• _What to work on_
The range runs from the line containing "כרית פייטים מרובעת" to the last line of the entries. Restate those lines word for word, without the pictures.

Data shown Block Start

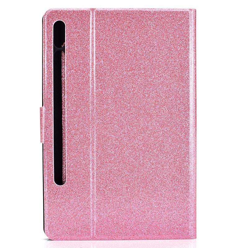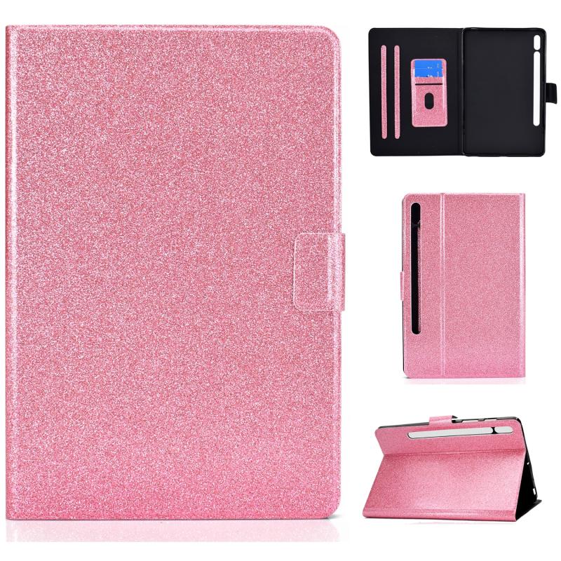 For Samsung Galaxy Tab S8 / S7 Varnish Glitter Powder Smart Leather Tablet Case(Pink)
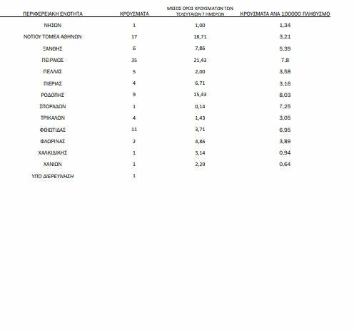 Η ανακοίνωση του ΕΟΔΥ: «Ο ΕΟΔΥ ανακοίνωσε 427 νέα κρούσματα της λοίμωξης του νέου κορωνοϊού (COVID-19), εκ των οποίων 9 εντοπίστηκαν κατόπιν ελέγχων στις πύλες εισόδου της χώρας. Ο συνολικός αριθμός των κρουσμάτων ανέρχεται στα 140526, εκ των οποίων 52.3% άνδρες. Κατά την ιχνηλάτιση βρέθηκε ότι 5478 (3.9%) θεωρούνται σχετιζόμενα με ταξίδι από το εξωτερικό και 42054 (29.9%) είναι σχετιζόμενα με ήδη γνωστό κρούσμα.
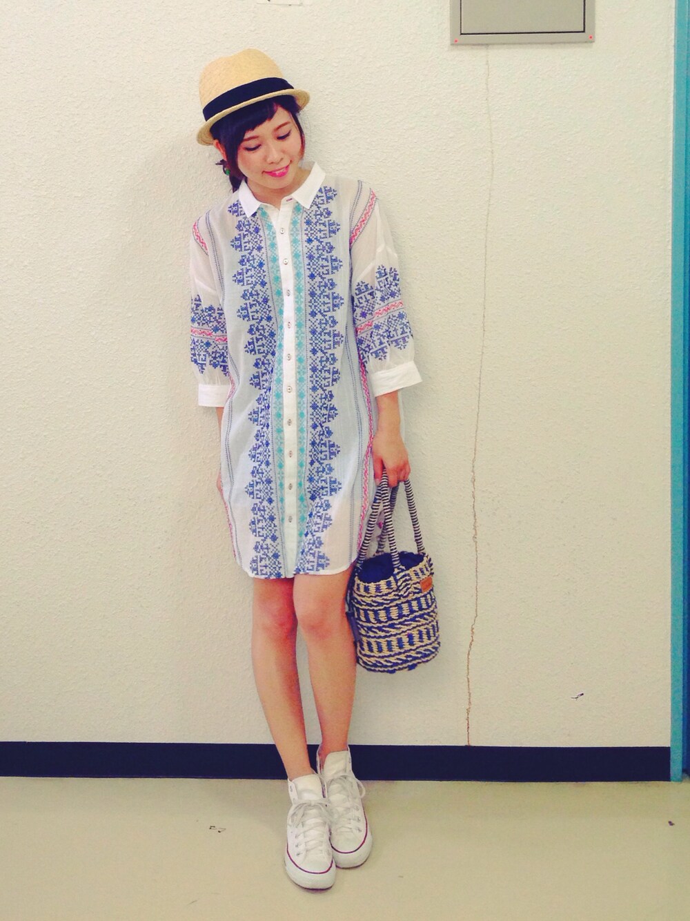 MAIKOのシャツワンピース「ローンクロスステッチシャツワンピース/AEBC LAWN クロスステッチ SH OP◆」を使ったコーディネート
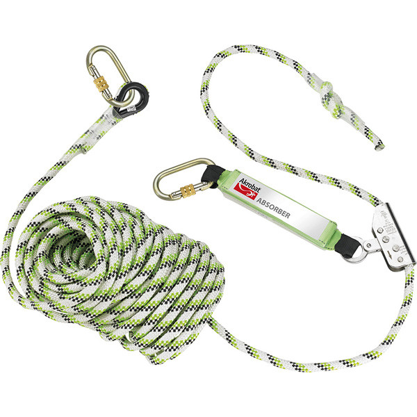 Dispositivo anticaduta scorrevole non apribile, fornito con 2 moschettoni, dissipatore e fune da 20 metri. Consigliato per scale e piani inclinati.
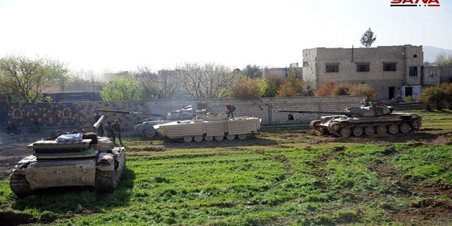 الجيش يسيطر على عدد من مزارع عين ترما ويواصل تأمين المدنيين داخل منازلهم في سقبا وكفر بطنا بالغوطة الشرقية
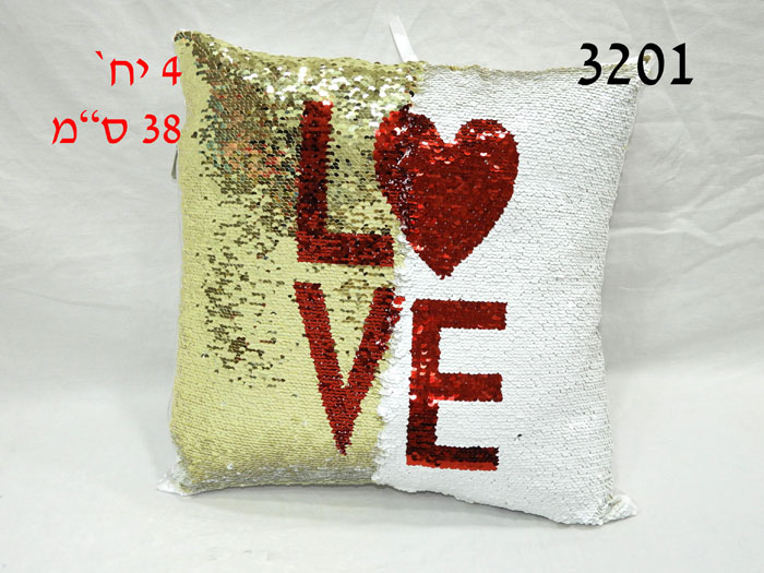 כרית פייטים מרובעת LOVE וסטן 38 ס"מ/4
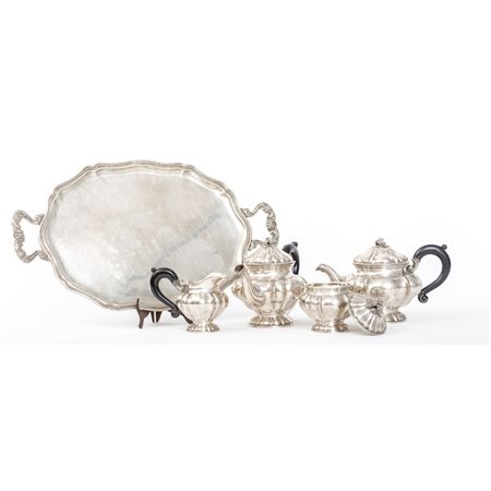 SERVIZIO in argento composto da caffettiera, theiera, lattiera, zuccheriera e vassoio, manici in legno ebanizzato (peso lordo g. 4.794).
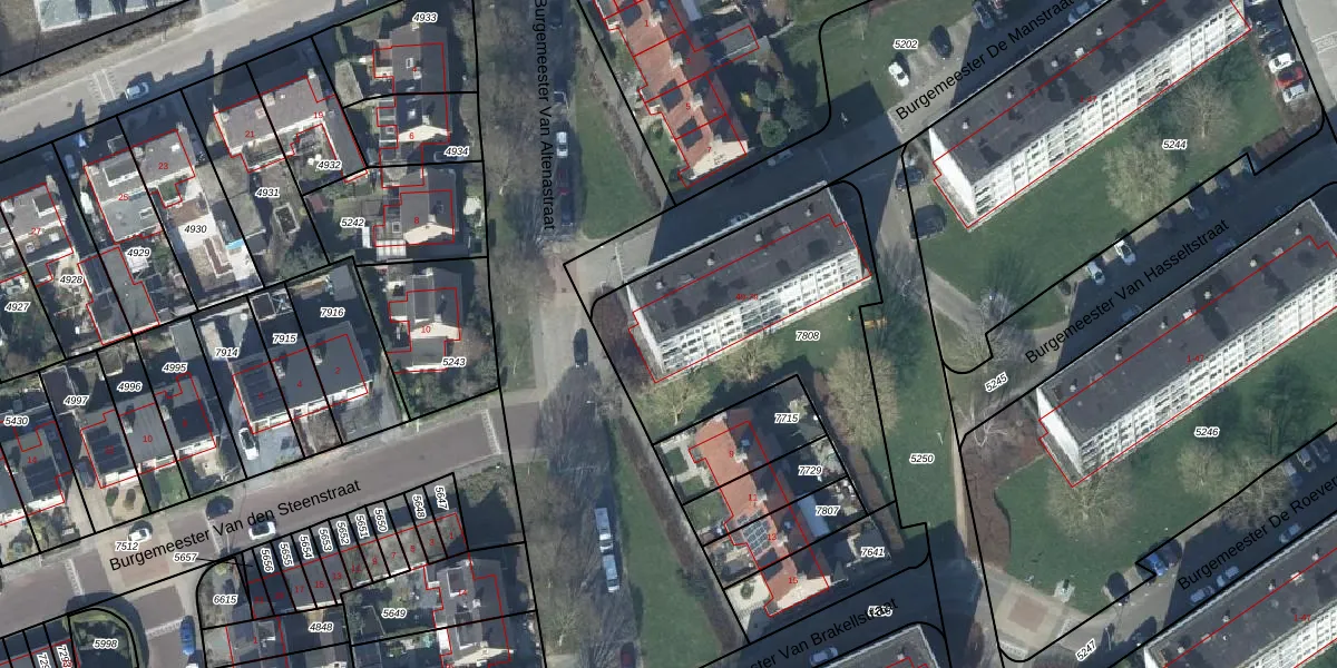 Burgemeester De Manstraat 71 is gelegen op kadastraal perceel TIE00D7808. Deze kadastrale aanduiding is uniek en wordt gebruikt door het Kadaster om eigendomsrechten en andere zakelijke rechten vast te leggen. Het perceel maakt onderdeel uit van de kadastrale gemeente Tiel.
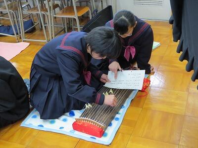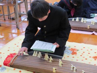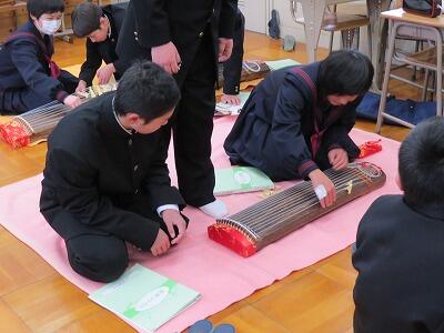 音楽の授業で筝の学習をしています。「さくら さくら」を班で協力しながら練習しています。
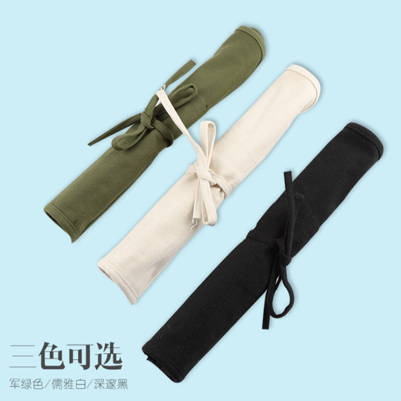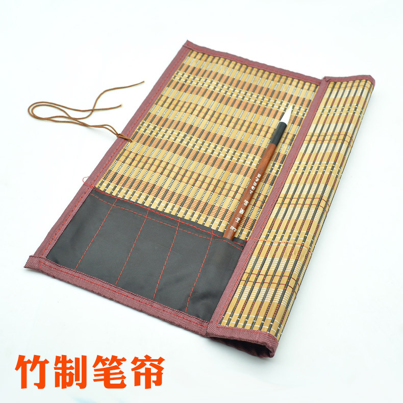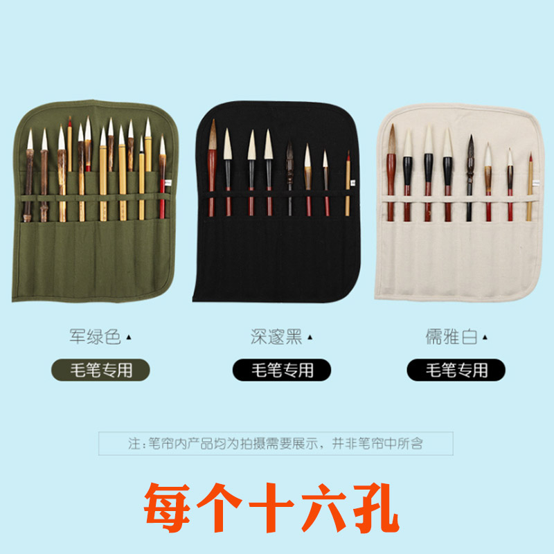 Canvas 16 Porous with cloth bag pen curtain Wenfang Four Treasure students Medium Size Bamboo Pen Bag Brush Carrying roller blind Calligraphy China Painting
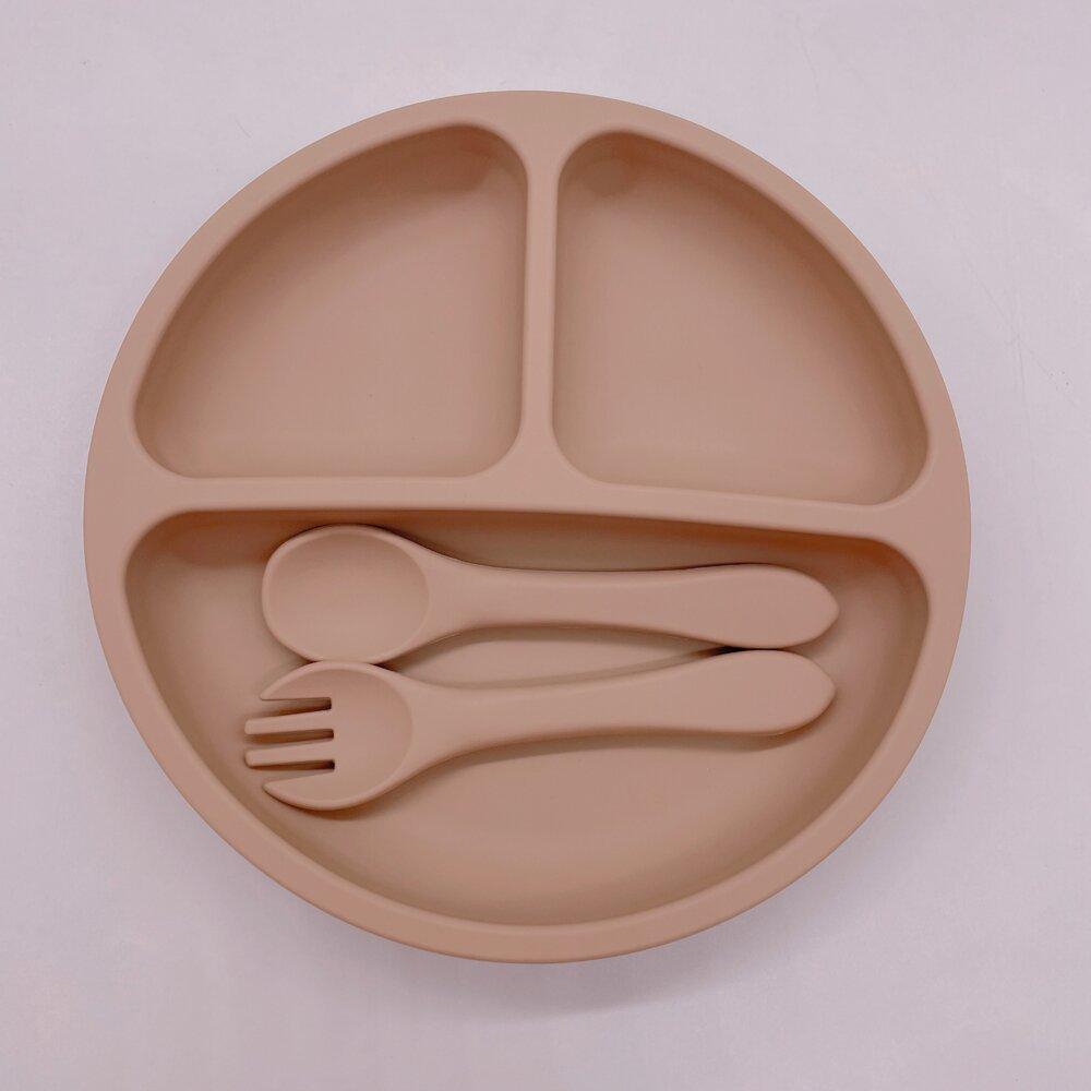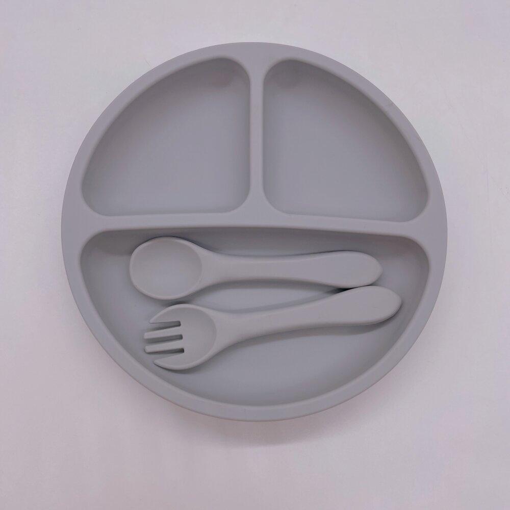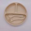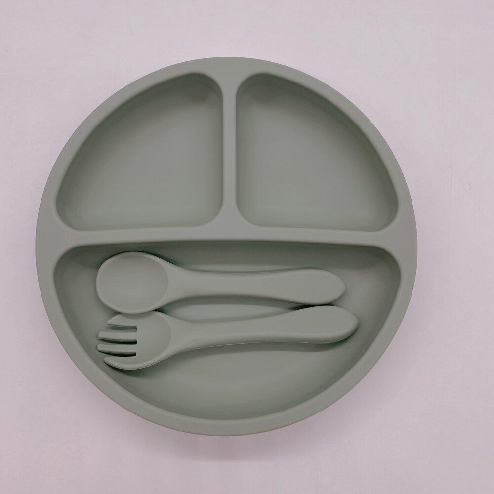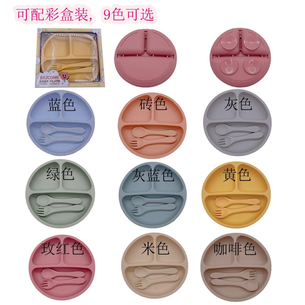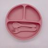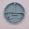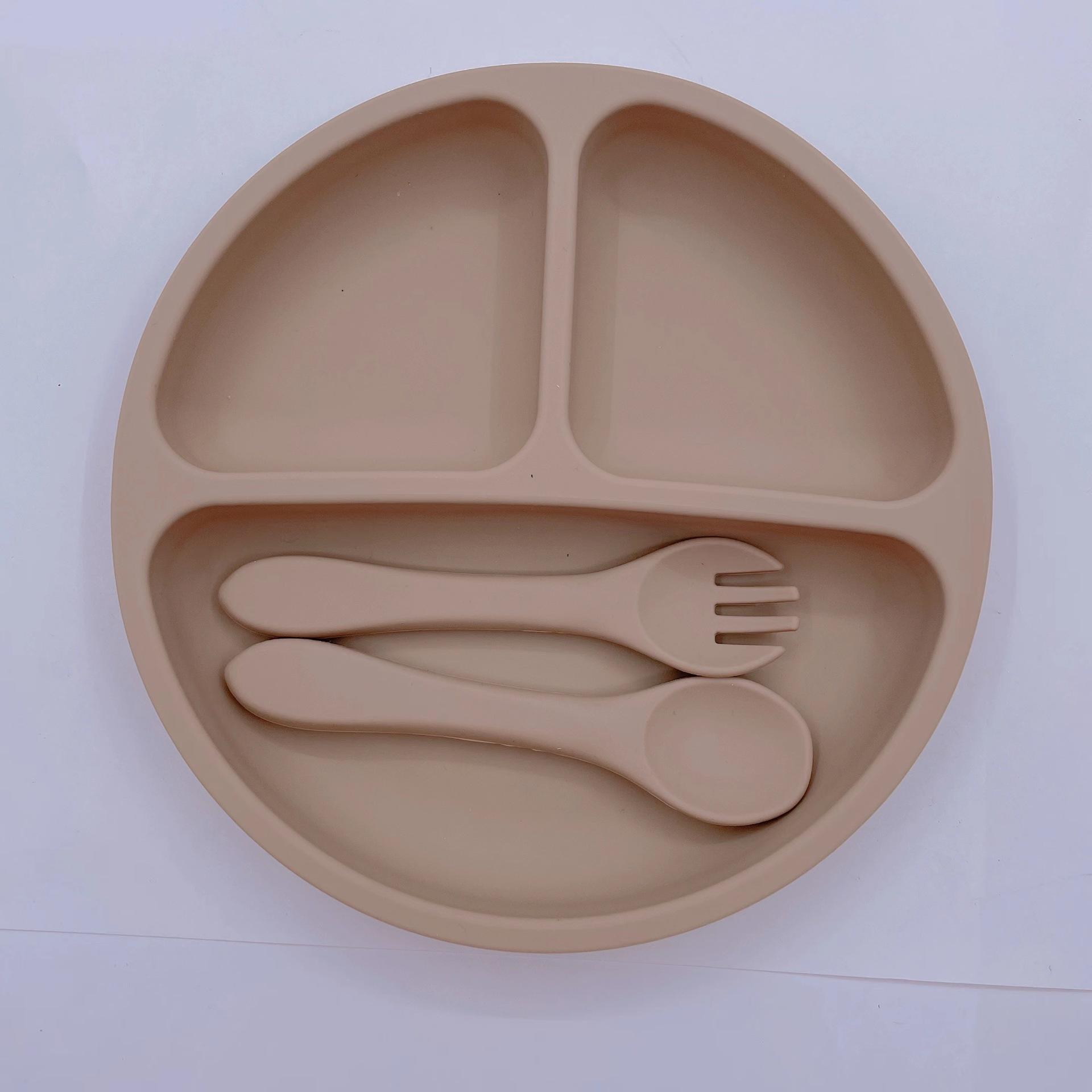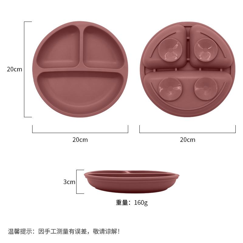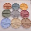 Vajilla de silicona para niños, plato redondo con ventosa y carita sonriente para bebé, plato de tres compartimentos para alimentos complementarios para bebé
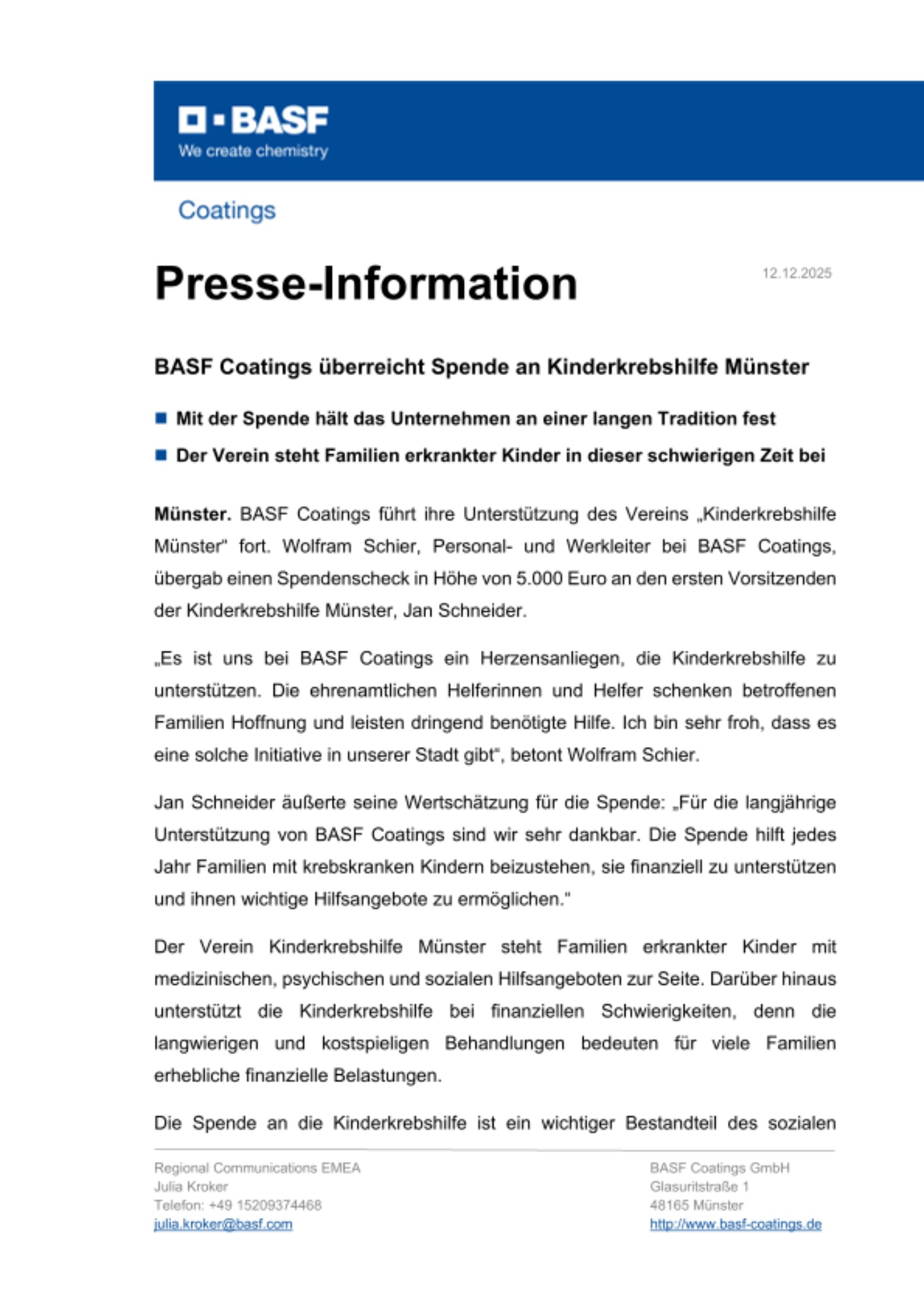 Die Spende an die Kinderkrebshilfe ist ein wichtiger Bestandteil des sozialen Engagements von BASF Coatings in der Region. Bereits im Sommer spendete das Unternehmen im Rahmen eines Spendenlaufs 2.150 Euro an den Verein. Diese Unterstützung fließt gleichzeitig auch in die Forschung im Bereich zukunftsorientierter Therapien und Behandlungen, um erkrankten Kindern die beste Hilfe zu ermöglichen.

Data shown Block End

• _Written solution_
 כרית פייטים מרובעת LOVE וסטן 38 ס"מ/4
 SERVIZIO in argento composto da caffettiera, theiera, lattiera, zuccheriera e vassoio, manici in legno ebanizzato (peso lordo g. 4.794).
 Burgemeester De Manstraat 71 is gelegen op kadastraal perceel TIE00D7808. Deze kadastrale aanduiding is uniek en wordt gebruikt door het Kadaster om eigendomsrechten en andere zakelijke rechten vast te leggen. Het perceel maakt onderdeel uit van de kadastrale gemeente Tiel.
 音楽の授業で筝の学習をしています。「さくら さくら」を班で協力しながら練習しています。
 Canvas 16 Porous with cloth bag pen curtain Wenfang Four Treasure students Medium Size Bamboo Pen Bag Brush Carrying roller blind Calligraphy China Painting
 Vajilla de silicona para niños, plato redondo con ventosa y carita sonriente para bebé, plato de tres compartimentos para alimentos complementarios para bebé
 Die Spende an die Kinderkrebshilfe ist ein wichtiger Bestandteil des sozialen Engagements von BASF Coatings in der Region. Bereits im Sommer spendete das Unternehmen im Rahmen eines Spendenlaufs 2.150 Euro an den Verein. Diese Unterstützung fließt gleichzeitig auch in die Forschung im Bereich zukunftsorientierter Therapien und Behandlungen, um erkrankten Kindern die beste Hilfe zu ermöglichen.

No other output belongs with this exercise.